Pasaron los días y la situación continuó sin ninguna novedad.

La señora de Hurlingham no era de quedarse con los brazos cruzados. Al no ser atendidos sus reclamos por el poder político, decidió llevar la queja al periodismo.

En la edición del 3 de febrero, la crónica de un diario porteño recogía la denuncia bajo términos muy severos: “Un grupo de señoras bañistas se queja amargamente contra la impudicia de un cambalachero, comerciante de baja estofa, apellidado Romero, instalado en la playa, cuya única y atrevida ocupación consiste en alquilar o vender anteojos de larga vista a los curiosos impertinentes”. Y el periodista agregaba: “La playa, del lado de las rocas, se convierte en una suerte de apostadero donde no se ven más que tubos de anteojos alineados en dirección a las inocentes bañistas. Dado que las aguas marinas son tan transparentes, eso es una grave complicidad en beneficio de los mirones”. El artículo, extenso por cierto, reproducía una entrevista a la señora Hurlingham quien testimoniaba con elocuente enojo: “Bajo ningún punto de vista, las señoras de respetable apellido y posición, podemos permitir que las miradas de los hombres invadan nuestra integridad corporal. Es increíble que tengamos que apresurarnos a darnos un merecido baño para evitar así las impúdicas observaciones masculinas. Creo que este desacato a la moral debería interesar al gobierno, única arma que el pueblo tiene para hacer valer sus derechos.”

Los larga vistas terminaron por invadir la costa esa temporada y todos hicieron la “vista gorda” al asunto.

 Pero las mujeres eran influyentes y, ante la insistencia de los mirones, al año siguiente, viajaron algunas de ellas e interesaron al Presidente de la Nación.

El doctor Juárez Celman ordenó entonces, mediante un decreto presidencial, la redacción y sanción de un reglamento en el cual se fijaran las pautas de conducta que los bañistas debían seguir en las playas marplatenses. Era evidente que el pudor de las mujeres preocupaba al presidente de los argentinos.

Con asombrosa celeridad, el 5 de enero de 1898 ordenó un inmediato Reglamento de Baños. Hilario Rubio Medina, jefe de la Receptoría Nacional de Rentas, fue el encargado de elaborar el documento prescriptivo. Muy pronto apareció y en él se determinaba: “ Es prohibido bañarse desnudo. El traje de baño admitido es todo aquel que cubra el cuerpo desde el cuello hasta la rodilla. No podrán bañarse los hombres mezclados con las señoras, a no ser que tuvieran familia o lo hicieran acompañando a ellas. Es prohibido a los hombres solos aproximarse durante el baño a las señoras, debiendo mantenerse por lo menos a una distancia de 30 metros. Se prohíbe en las horas del baño el uso de anteojos de teatro u otro instrumento de larga vista, así como situarse en la orilla del agua cuando se bañen señoras.”

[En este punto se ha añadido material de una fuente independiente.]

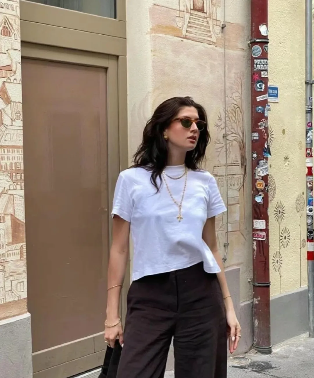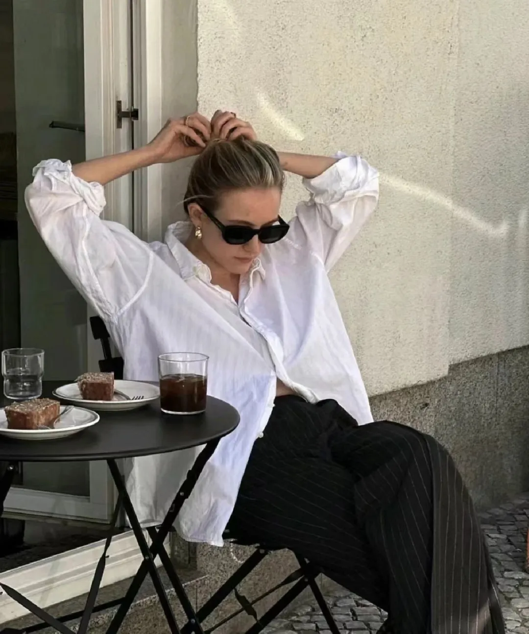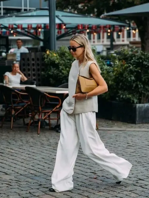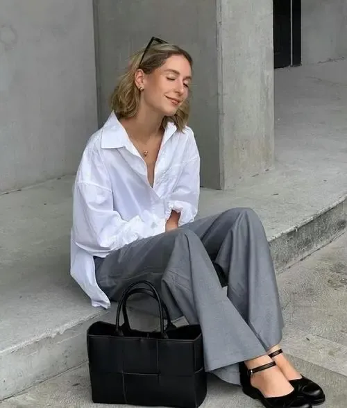 选择两种中性色去搭配,选择宽松舒适的白衬衫,搭配灰色阔腿西装裤,搭配简约的黑色包包,高级有质感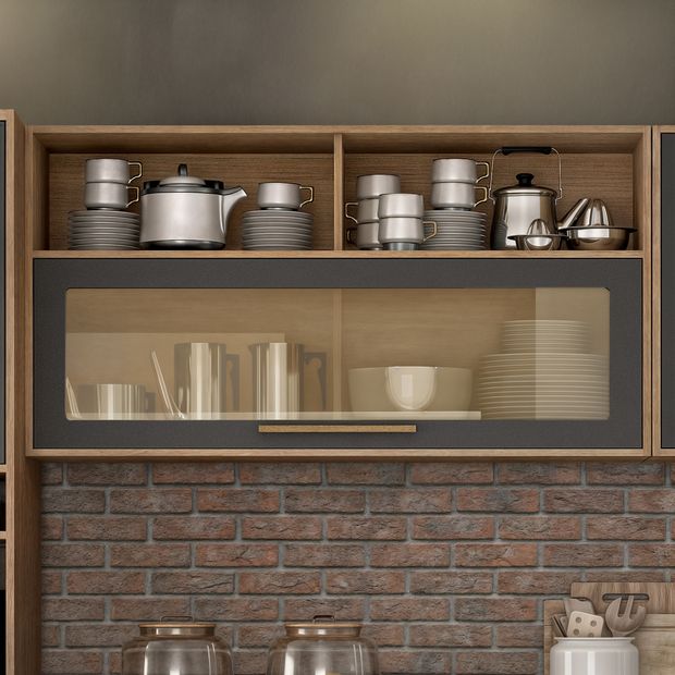 O Armário Aéreo com vidro é a escolha ideal para quem busca praticidade e um toque de sofisticação na cozinha. Sua porta de vidro oferece visibilidade para expor taças e objetos decorativos. Seu design moderno e elegante se adapta a diferentes estilos de decoração, tornando o ambiente mais funcional e bonito. Ideal para quem precisa de mais espaço sem abrir mão da estética, este armário traz uma combinação perfeita de beleza e praticidade para sua cozinha.

Contando con instrucciones precisas, el poder policial procedió a detener a jóvenes que espiaban con los catalejos, larga vistas o cualquier otro instrumento óptico de largo alcance.

En cuatro días, la acción había resultado efectiva; el decoro femenino estaba a salvo y conforme.

Según establecía el reglamento, los infractores debieron pagar la suma de cinco pesos en concepto de multa. Ocurrió el caso de un chico de dieciséis años quien, luego de incurrir tres veces en la infracción, fue expulsado de la playa por todo el resto del verano. El caso tuvo resonancia porque era el hijo de un senador porteño. Otros, de menos recursos, entregaban las lentes. Al negarse a pagar la multa, eran arrestados por un período de veinticuatro a cuarenta y ocho horas.

Las voces de protesta se levantaron contra la medida. No faltaron quienes argumentaron que la sanción disciplinaria atentaba contra las libertades individuales y era una arbitrariedad  constitucional. Mientras tanto, el periodismo recogía sustanciosas ganancias al incrementar la nómina de lectores.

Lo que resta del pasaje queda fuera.